Eddur and Sagas: Eight Centuries of Myths Helping Authors

By Laurent Di Filippo

Among the legends of the Far North that are so omnipresent in current fantasy, Eddur and Sagas are two Norse mythology genres that have heavily influenced contemporary authors.

Corps
1220
The approximate year that Snorri’s Edda, a major text in Norse mythology, was written.

A Whole World in Two Eddur

Medieval Icelandic texts, including the two Eddur (singular: Edda) and the Sagas, are the main sources for Norse mythology. Having been written after the Christianization of the island, they do not constitute first-hand evidence of Norse peoples’ pre-Christian beliefs.

 

The first source, which is considered to be the most important and explicit, is Snorri’s Edda or the Prose Edda (thirteenth century). This text, which dates to about 1220 and has been attributed to the Icelandic nobleman and scholar Snorri Sturluson, is similar to many tales about Scandinavian deities and heroes.

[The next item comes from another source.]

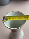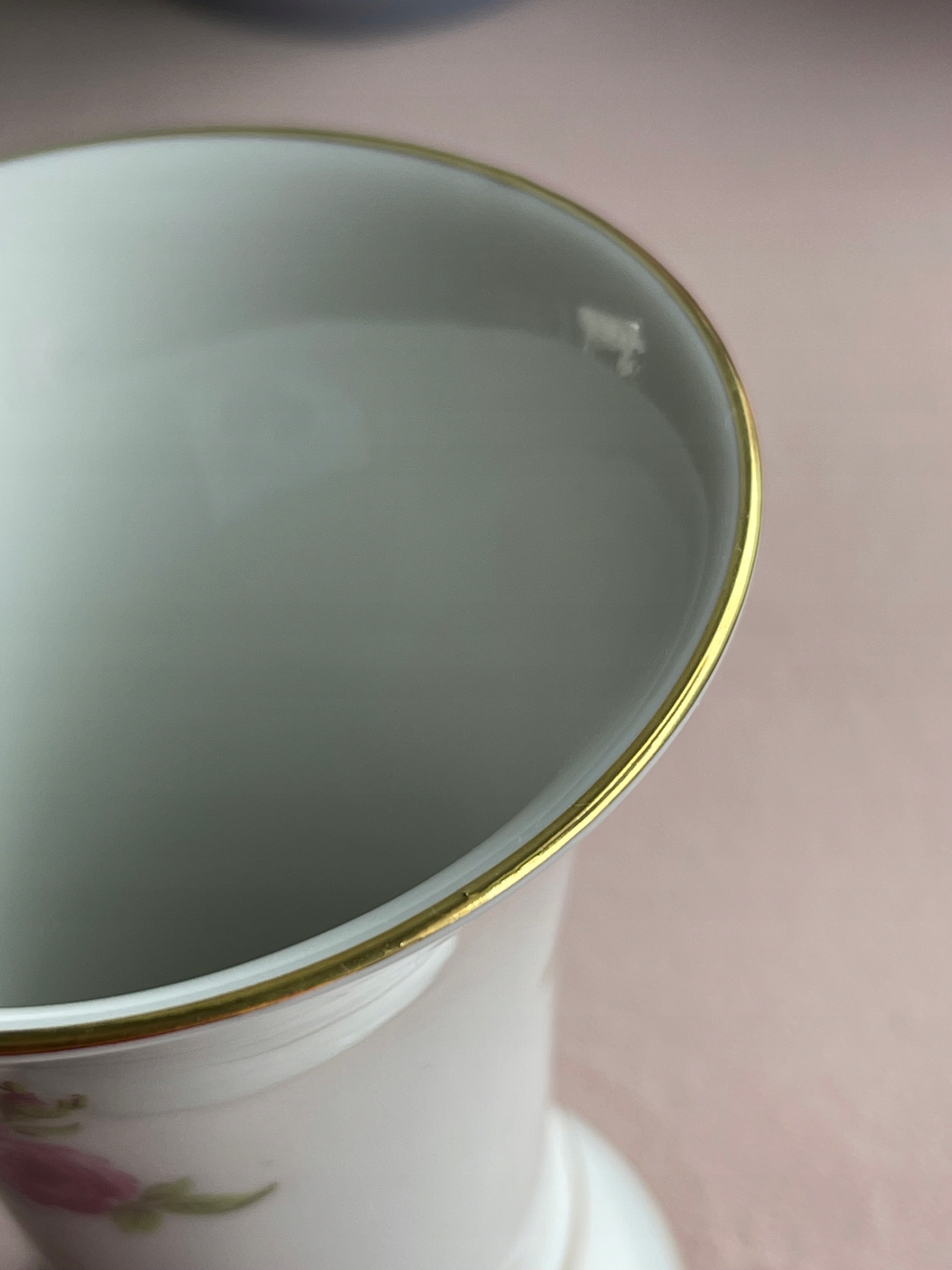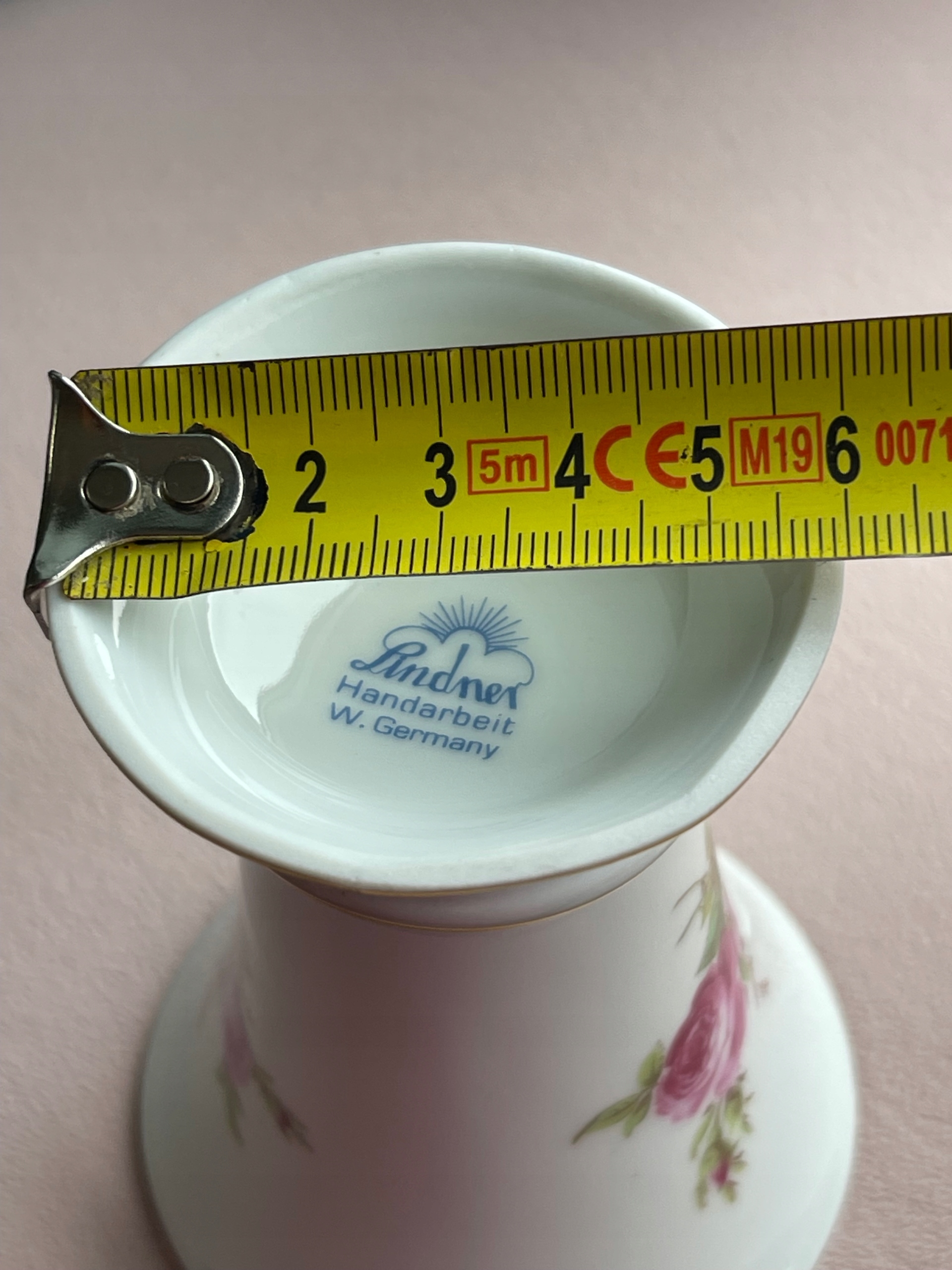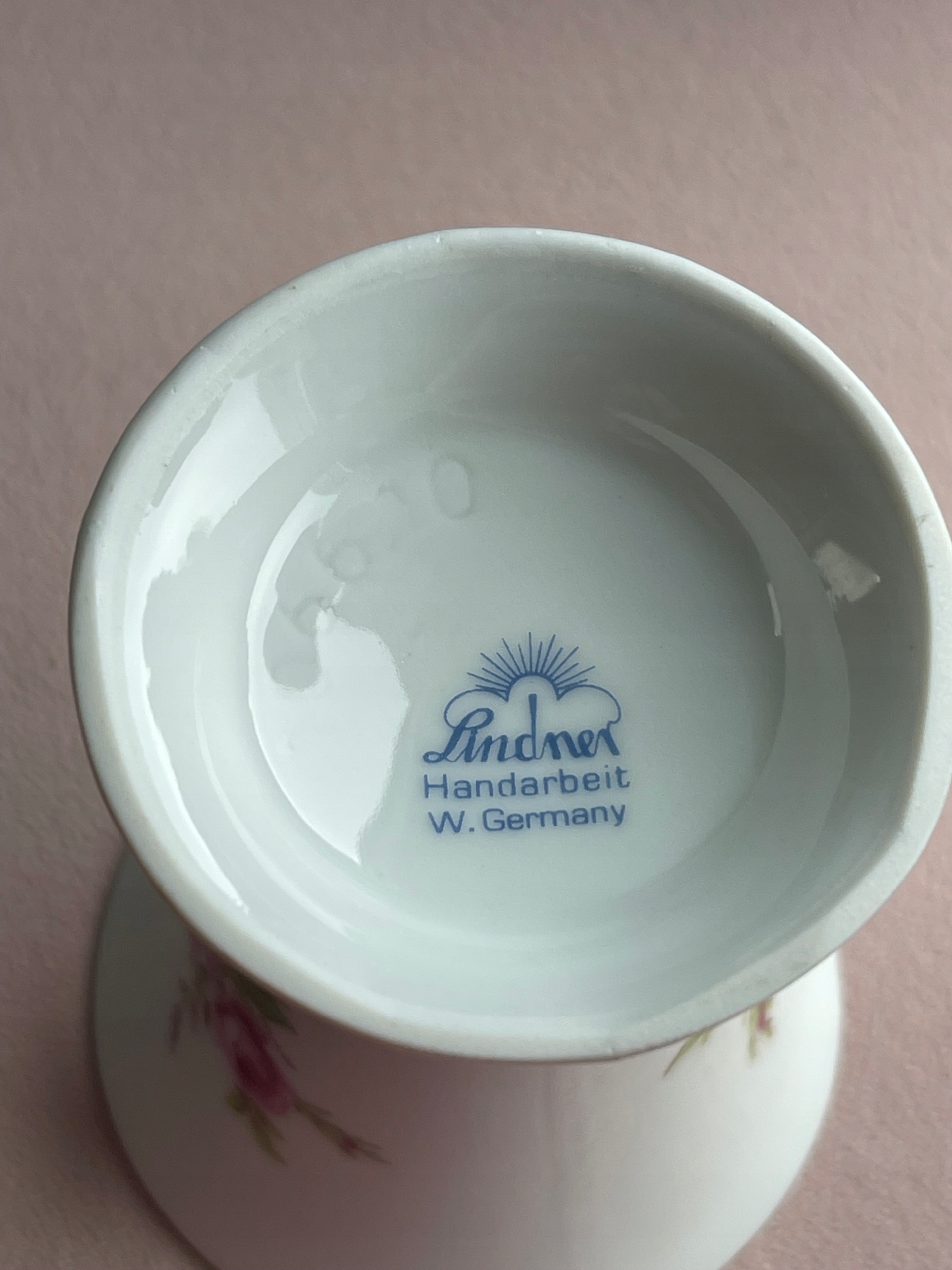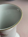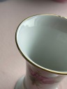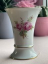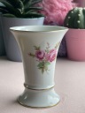 Wazon zdobi ponadczasowy motyw róż oraz subtelne złocenia na krawędziach, które dodają mu elegancji i stylu. Sygnatura na spodzie ("Handarbeit") potwierdza tradycyjne, rzemieślnicze wykonanie przedmiotu w Zachodnich Niemczech.

Yet rather than having a religious vocation, it was actually composed as a manual of poetics, meant to demonstrate verse forms and appropriate subjects to young poets. The original manuscript of this anthology has disappeared. Four different later manuscripts and fragments, which are the source material for modern editions, are all that now remmains. The idea of arranging the divinities into a kind of pantheon is found essentially in the Prose Edda.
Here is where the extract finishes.